Work to be completed
A copy of the listing below is needed, exact in every line and without images.

Exercise data
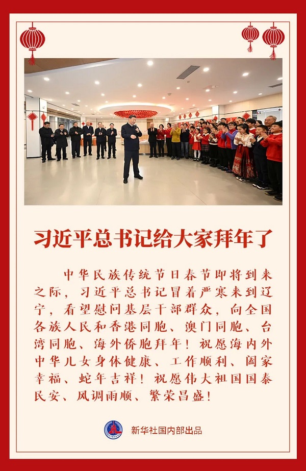 中華民族傳統節日春節即將到來之際,中共中央總書記、國家主席、中央軍委主席習近平冒著嚴寒來到遼寧,看望慰問基層干部群眾,向全國各族人民和香港同胞、澳門同胞、臺灣同胞、海外僑胞拜年!祝愿海內外中華兒女身體健康、工作順利、闔家幸福、蛇年吉祥!祝愿偉大祖國國泰民安、風調雨順、繁榮昌盛!
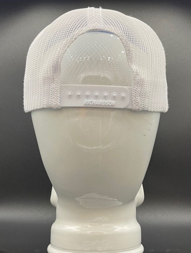Sick Bitch curved pink and white snapback hat. Embroidered front only on a "Richardson" brand snapback trucker style cap.
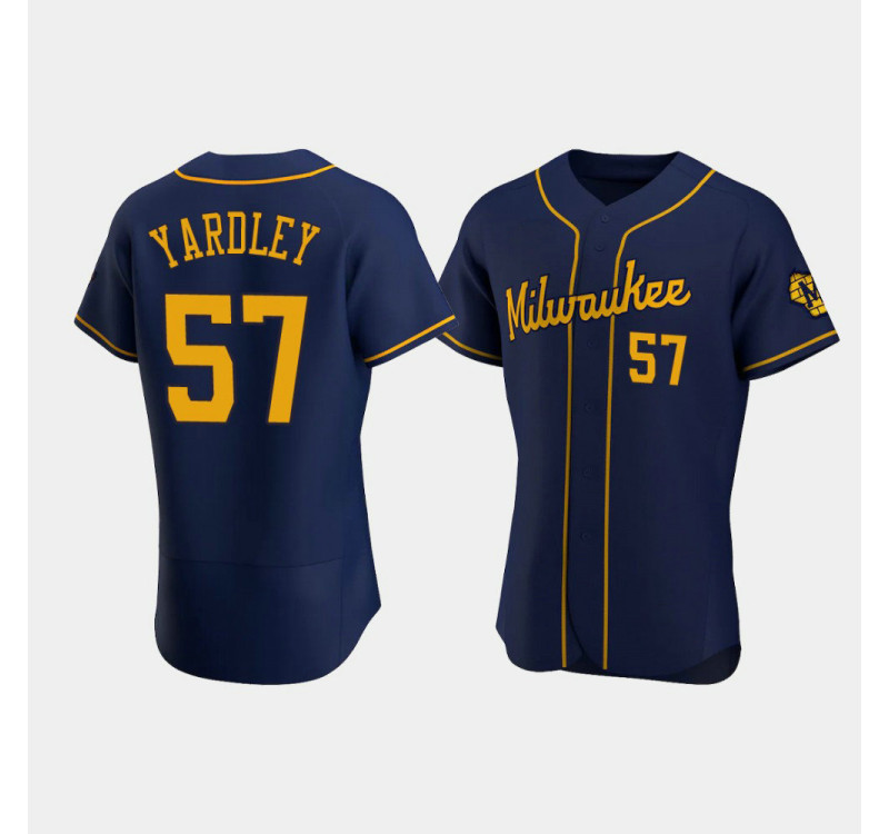 - Men's Brewers #57 Eric Yardley Navy Authentic Team Alternate Jersey

Answer box
 中華民族傳統節日春節即將到來之際,中共中央總書記、國家主席、中央軍委主席習近平冒著嚴寒來到遼寧,看望慰問基層干部群眾,向全國各族人民和香港同胞、澳門同胞、臺灣同胞、海外僑胞拜年!祝愿海內外中華兒女身體健康、工作順利、闔家幸福、蛇年吉祥!祝愿偉大祖國國泰民安、風調雨順、繁榮昌盛!
Sick Bitch curved pink and white snapback hat. Embroidered front only on a "Richardson" brand snapback trucker style cap.
 - Men's Brewers #57 Eric Yardley Navy Authentic Team Alternate Jersey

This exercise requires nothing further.